Provarono a decifrarne il significato diversi gruppi di studi, dagli esperti di crittologia dell’ esercito americano agli ultimi ricercatori, riusciti a ipotizzare soltanto il significato di piccole frasi; il compito appare impossibile e alcuni, disperati, hanno parlato di «libro maledetto». Johannes Albus qualche anno fa azzardò di avere riconosciuto la ricetta di un impacco tradizionale per le ferite, ottenuto dal fegato di capra, scritta, insieme, in latino abbreviato e tedesco medievale.

Non sarebbe comunque una contraffazione, poiché la datazione al carbonio prova che la pergamena risale alla prima metà del XV secolo; anche se questo non elimina la possibilità che si tratti di un’ opera posteriore.

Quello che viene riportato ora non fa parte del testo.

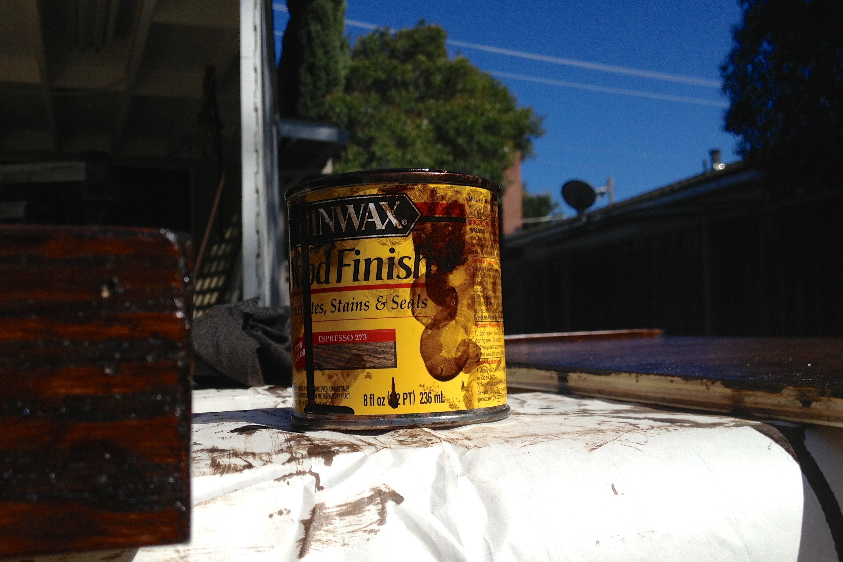 2. The broad face (or the “underside”) is oak plywood and the edges are oak hardwood, all stained espresso.
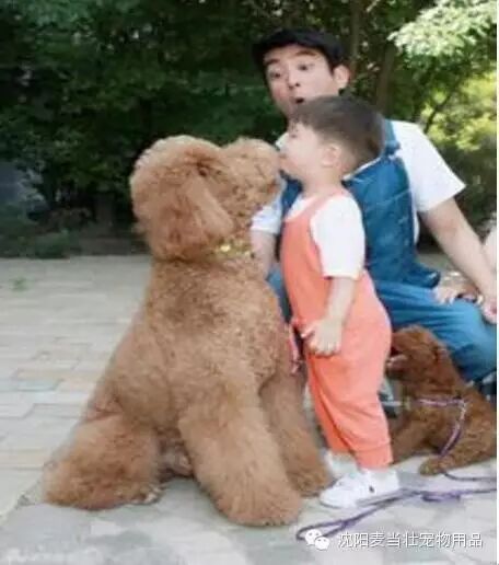好和谐的家庭画面。嗯哼和“大哥哥”泰迪亲嘴。站着的嗯哼还要站着挺直才比蹲着的泰迪高哦。这样的巨型泰迪,亲人一样的宠物,600万当然不卖
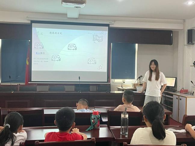 課堂伊始,志愿者老師用生動有趣的教學方式,從“黏合、夸張、人格化、典型化“四個方面向孩子們介紹了各種想象的方式,讓孩子們在輕松愉快的氛圍中感受著想象的魅力。接著,志愿者老師以飽滿的熱情向小朋友們詳細講解了繪畫課程的核心內容,并細心分發繪畫材料。
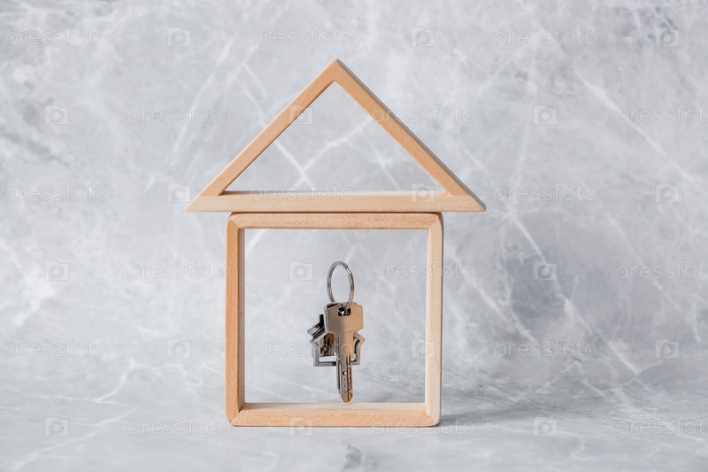 Ипотека. Покупка и аренда жилья. Модель деревянного дома и ключи от новой квартиры на сером фоне. Концепция приобретения жилья
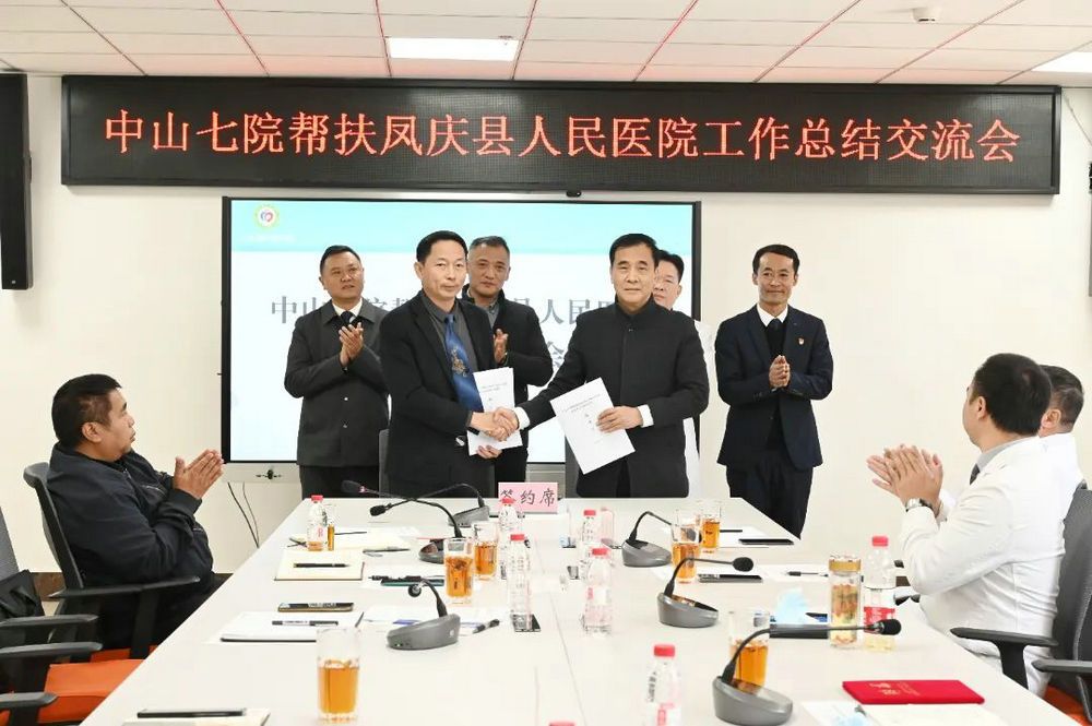 中山七院幫扶鳳慶縣人民醫院工作總結交流會于1月9日上午召開。會上,中山七院與鳳慶縣人民醫院第3次簽署三年幫扶協議,中山七院副院長張常華繼續受聘為鳳慶縣人民醫院掛職院長。鳳慶縣人民政府副縣長郭瑞、鳳慶縣衛生健康局局長雷樹春、鳳慶縣人民醫院全體院領導及中山七院幫扶醫療隊全體成員參加會議。
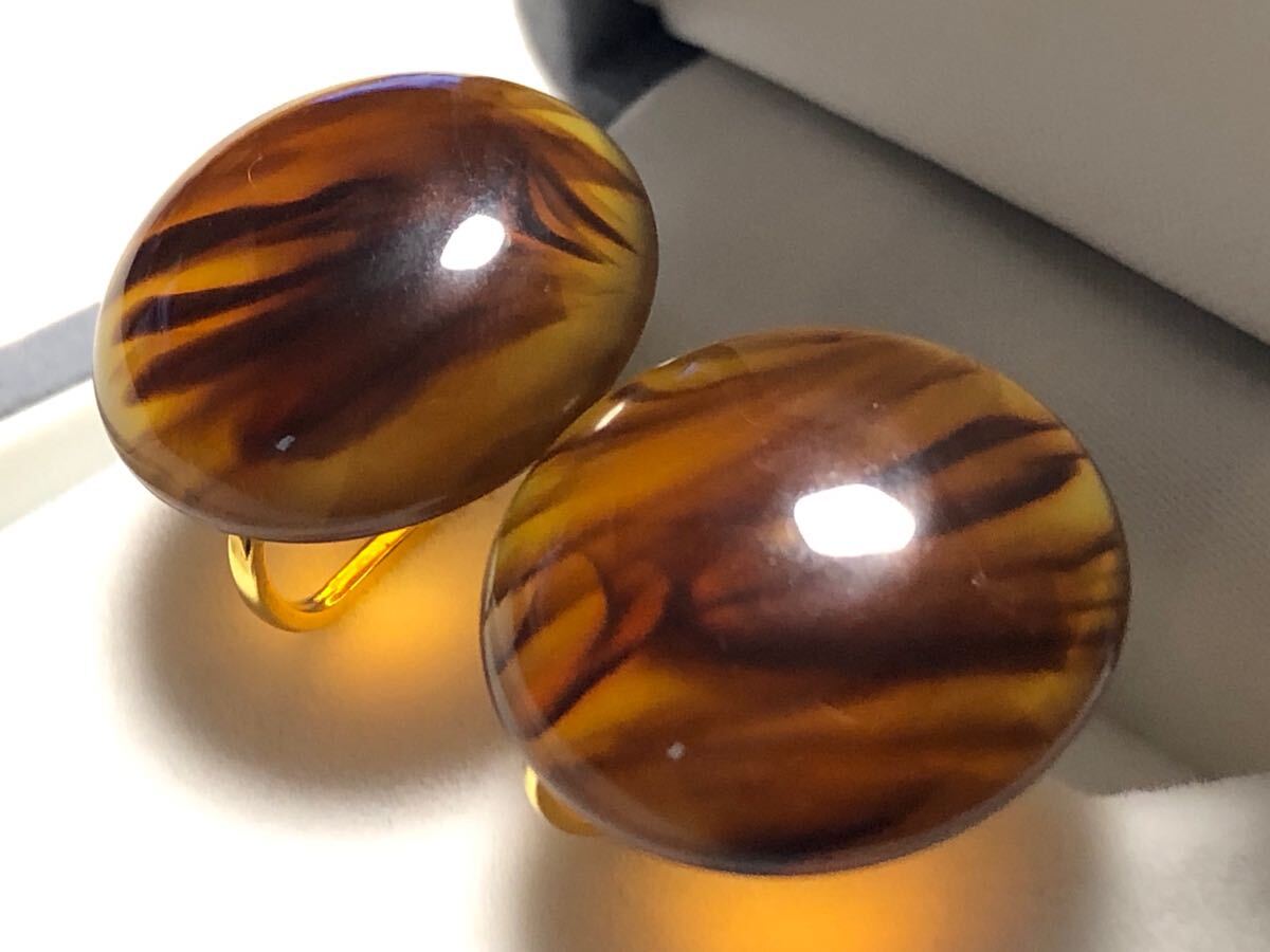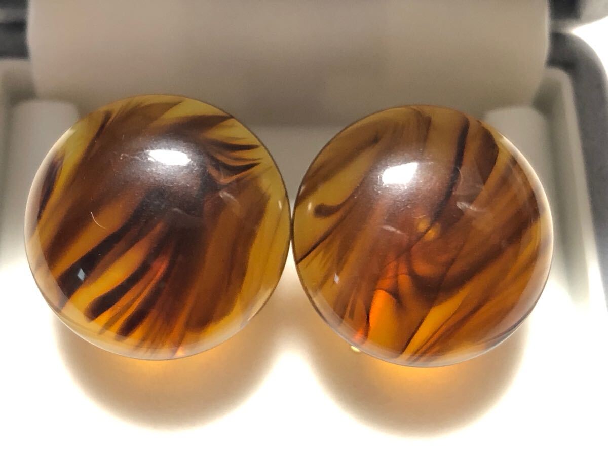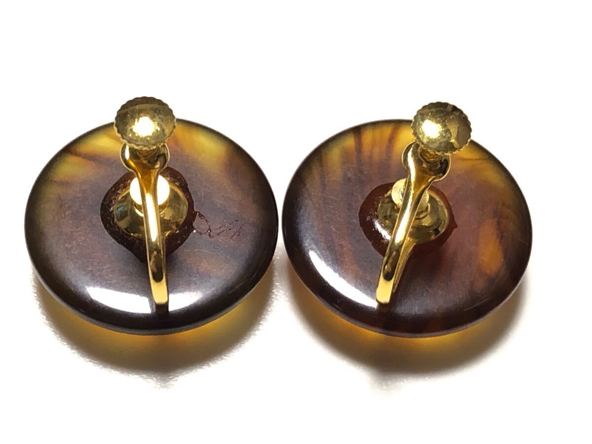 鼈甲風(樹脂)に仕上げた、ラウンドデザインのイヤリングです。状態良好です。
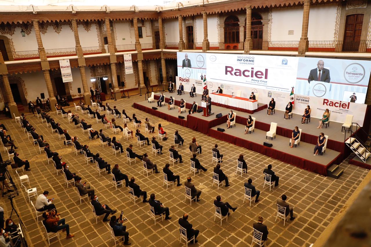 El Presidente Municipal Raciel Pérez Cruz presentó su Segundo Informe de Gobierno, detalló las acciones implementadas para transformar a Tlalnepantla en una ciudad segura, sustentable e incluyente, con una administración transparente que combate la corrupción, la violencia de género, apoya la cultura y la educación, además de las medidas que se realizan para enfrentar la pandemia de COVID-19.
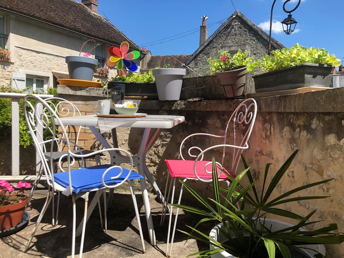 Profitez d'une maison au cœur du centre historique de Moret-sur-Loing, dans une ruelle calme à 50m des rues commerçantes, 100m de l'église Notre Dame et à quelques pas des berges du Loing. Nous vous accueillerons avec plaisir dans notre nid douillet pendant la durée de votre séjour. La maison dispose d'une cuisine équipée et aménagée, d'un espace nuit/salon cosy et salle d'eau/wc Gare de Moret-Veneux à 15mns à pied, 4mns en bus, vous rejoignez le centre de Paris en 45mns.

Secondo Stehen Skinner, che firma la prefazione del volume, potrebbe trattarsi dell’ opera di un «medico-erborista-astrologo», probabilmente ebreo, vissuto nell’ Italia settentrionale, come provano il castello ghibellino che compare tra le sue pagine e «la totale assenza di iconografia cristiana, fatto insolito per quel periodo storico».

Secoli di studi crittografici, e l’ avvento dell’ intelligenza artificiale, non sono riusciti a dissolvere il mistero di questo manoscritto, che non a caso volle consultare a tutti i costi anche Umberto Eco, durante una sua visita a Yale; di certo il volume non sfigurerebbe nella Biblioteca di Babele immaginata da Borges, dove i volumi «si ripetono nello stesso casuale disordine», fino alla fine dei secoli.